The one caveat is the Knicks' margin is off-the-charts high, the bookies and prediction markets are rewarding handsomely from the 3-22 record suggested historically for a 53-win versus 62-win team, or the 1-9 (2016 Cavs the only success) adjusting for the higher pre-finals scoring margin. So the size of the Knicks' margin is giving them something like a 25% bonus, with no historical data either way to calibrate.

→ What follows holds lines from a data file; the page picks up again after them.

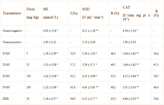 Por su parte, la DEX, sustancia de referencia, redujo significativamente las concentraciones de grupos SH a la vez que restituyó significativamente la actividad enzimática de la SOD y la CAT respecto a los animales del grupo control positivo.
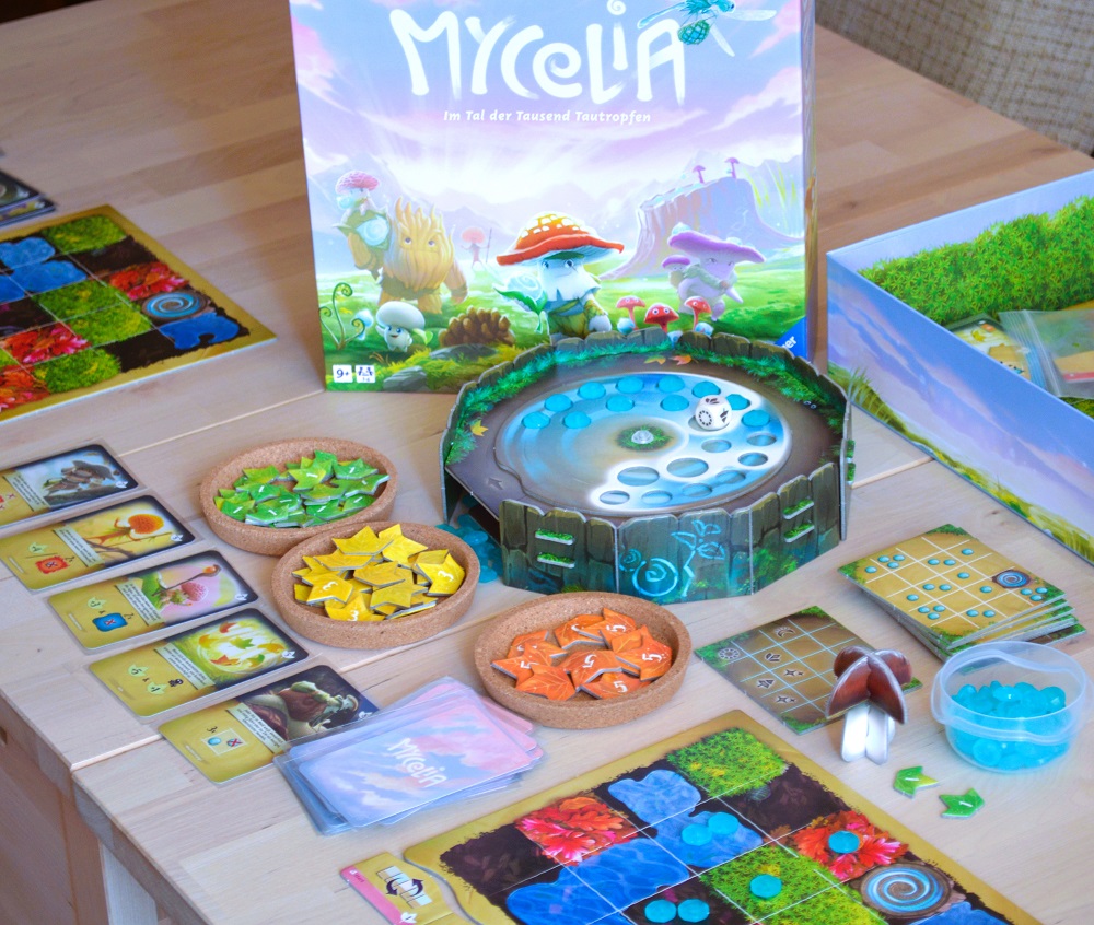 Mycelia. Семейный декбилдинг, где с помощью свойств карточек необходимо уничтожать или двигать в порталы капли росы. Кто первый избавится от всех фишек, тот и молодец. В комплекте идёт хитрая приблуда, которая при заполнении фишками капель несколько раз за партию прокручивается, дабы произвести самоочистку и выплюнуть кубик – он укажет, куда нужно положить дополнительные капли.
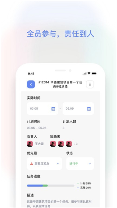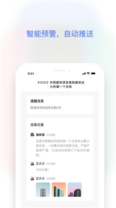 1、通讯协作:能通过app与工地上的人员进行实时的沟通和协作,解决问题更高效;
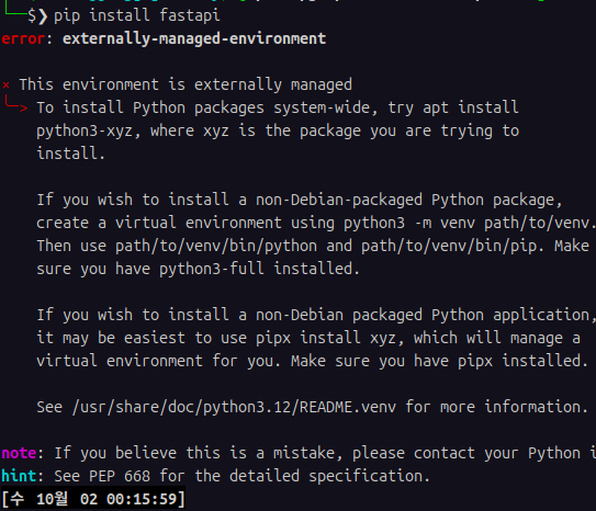 기본이 되는 pip가 error: externally-managed-environment오류가 발생하니 가상환경의 pip가 제대로 돌아가지 않고 있던 상황이었다.
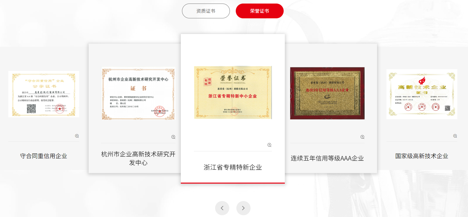 網(wǎng)站設置了專(zhuān)門(mén)的“認證與資質(zhì)”模塊,集中展示企業(yè)獲得的:
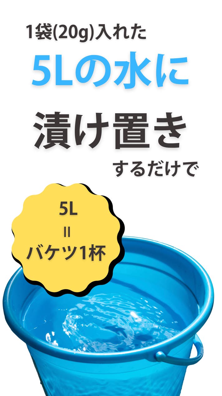 使用目安 洗濯機5キロに対し1袋(20g)もしくは、水5リットルに対し1袋~2袋
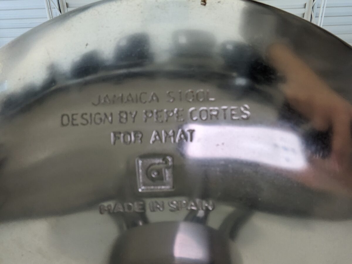 Iconic white and chrome Jamaica Barstool designed by Pepe Cortés for AMAT-3. Stylish, ergonomic, and perfect for modern spaces.
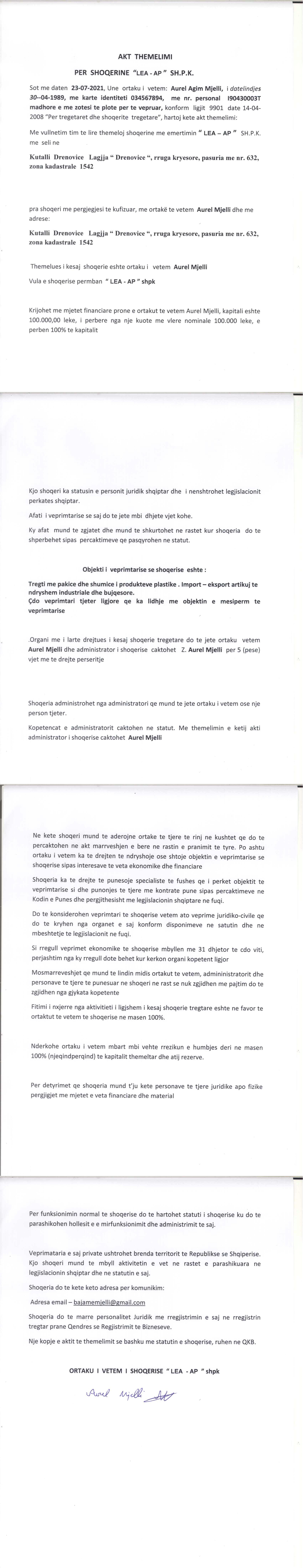 → Ekstrakt Historik i Regjistrit Tregtar, date 16.02.2022 → Akt themelimi, date 23.07.2021 → Statuti i shoqerise, date 23.07.2021 |
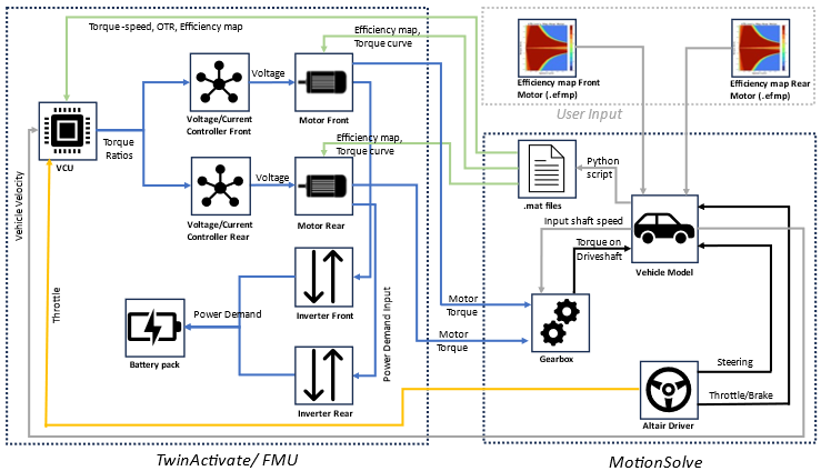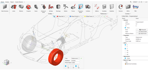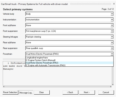 - MotionViewは、自動車/小型トラック車両ライブラリにデュアルモーター搭載の電動パワートレイン(FMU)モデルを含めるオプションを追加しました。このオプションは、" Full vehicle with Driver "および " Four wheel drive"のドライブライン構成で利用可能で、AssemblyウィザードのPowertrainメニューからアクセスできます。
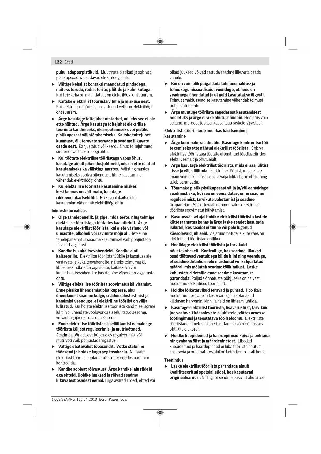 kasutage kaitsemaandusega elektriliste tööriistade Bosch Power Tools 1 609 92A 4NG | (11.04.2019)122 | Eesti
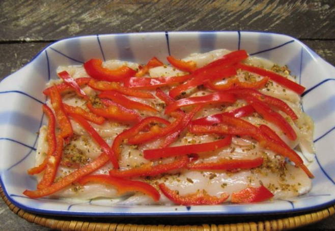 - Промиваємо перець водою і злегка обсушуємо серветкою. Потім розрізаємо його навпіл, очищаємо від серцевини, вирізаємо білу шкірку. Знову промиваємо обидві половинки перцю та нарізаємо його соломкою. Поступово викладаємо його на курячу грудку.
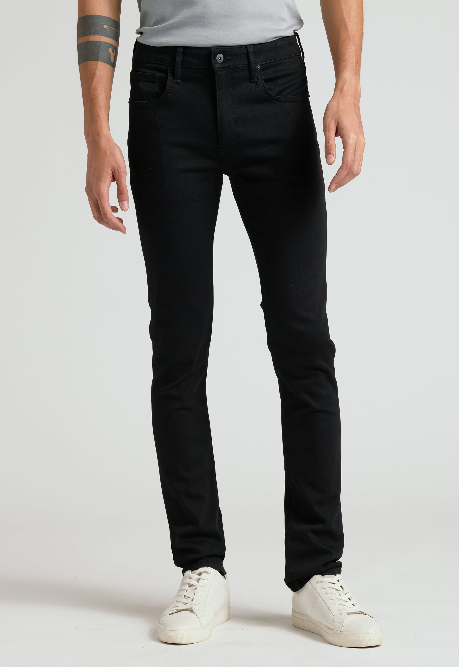 Confectionné dans un denim premium extensible et traité en "black wash", il offre une silhouette épurée tout en garantissant une souplesse naturelle à chaque pas.
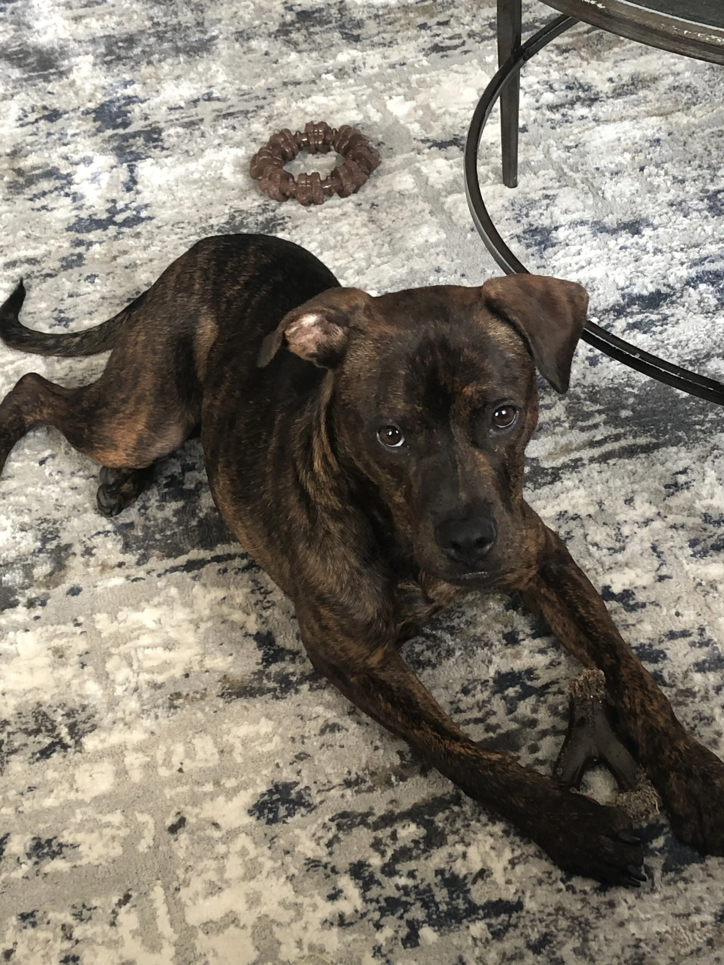 He lives with an older resident dog who will play a few minutes per day but not for hours. It’s helpful that Spark can entertain himself with toys. He takes each toy out of the box and one of his favorites is a Nylabone chew toy. Spark would do well in a home with another energetic dog or as an only dog with daily walks and stimulation.
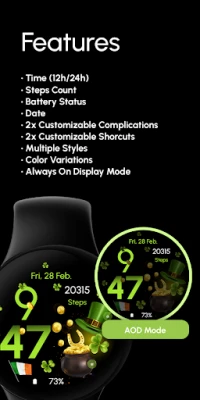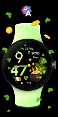 Feir St. Patrick's Day med en elegant urskive. Opplev skinnende gullmynter, et frodig smaragdgrønt fargeskjema og heldige kløvere som bringer feststemningen til håndleddet ditt.
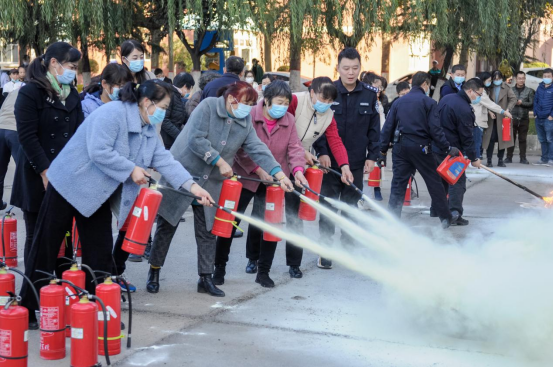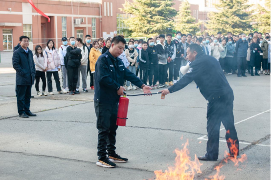 保卫处消防专干孙伟同志对火灾的预防常识、逃生方法以及对普通火灾、危化品爆燃等不同类型火灾的灭火要点进行了讲解。保卫处工作人员带领师生、公寓管理员、食堂工作人员们亲自上手学习了灭火器材的使用并进行实战操作。
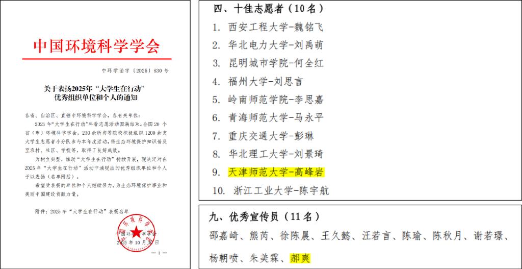 本站讯(通讯员 陈洁)近日,从中国环境科学学会传来喜讯,在最新发布的《关于表扬2025年“大学生在行动”优秀组织单位和个人的通知》中,我校地理学部师生表现突出,郝爽老师荣获“优秀宣传员”称号,高峰岩同学荣获“十佳志愿者”称号。这一荣誉不仅是对两位师生个人的肯定,更是对学部实践育人成果的充分认可。

My impression from reading the piece is it starts out rhetorically with something like a 15% prior--about what the Knicks were before the playoffs began. It reads as bullish because it starts from there, but it actually finishes with what I would call a range of 30% to 45%--a much wider range than any reasonable statistical analysis should provide, and centered on the consensus, and all in qualitative terms.
I asked Claude to read the piece and try to put numbers on the qualitative arguments. I armed him with the actual Polymarket price history and the analysis I did on previous NBA championships. I did not supply him with previous Silver Bulletin writings to judge style. His verdict:
Piece opening prior - 15%
"+19.4 margin," "elite company" - 34%, basically Knicks playoff success to date
"weight recent heavily" - 38%
"Spurs also dominant" - 33%
"Knicks playoff experience" - 36%
"Defense leap, 14th to 7th" - 40%
"Regress shooting luck" - 35%
"Offense good to great" - 39%
"More than sum of parts" - 41%
"I wouldn't bet on them at even money, especially with Game 7 scheduled for San Antonio." - this is the closest to a quantitative prediction saying it's under 50%, but might be close to 50% with home court advantage - 43%
closing paragraph with the 0-4 sweep mentioned - anywhere from 30% to 45%
I am not a Knicks fan although a was a season-ticket holder for over a quarter century starting in the early 1980s, and you cannot avoid some affection from that. I have been betting on the Knicks all season, and would be indifferent on taking them at even money in the championship--but for reasons entirely unrelated to those in the piece. I could well be wrong, I lose a lot of bets, but I am a consistent Bayesian in my analysis, and put numbers--and money--on the conclusions.
I’m trying to make “Joker KAT” a thing :-)
The obvious criticism of this post is it made no contact with the Spurs. However I do give the Knicks more of a chance than I did before reading it.
The Knicks have beaten this iteration of the Spurs, though. It will be interesting to see if Brown thinks Tyler Kolek has something that’s kryptonite to the Spurs, as he was in the NBA Cup final.
The Spurs are so young that 3 months since that game of playoffs makes a real difference. They shot the ball poorly that night and committed a season high in turnovers.
We will see. If we’re name dropping…Stephon Castle a playoff basketball player.
I’m interested to see how Little Luka does against the Spurs platoon of guys they send at him with Wemby back there to clean it all up.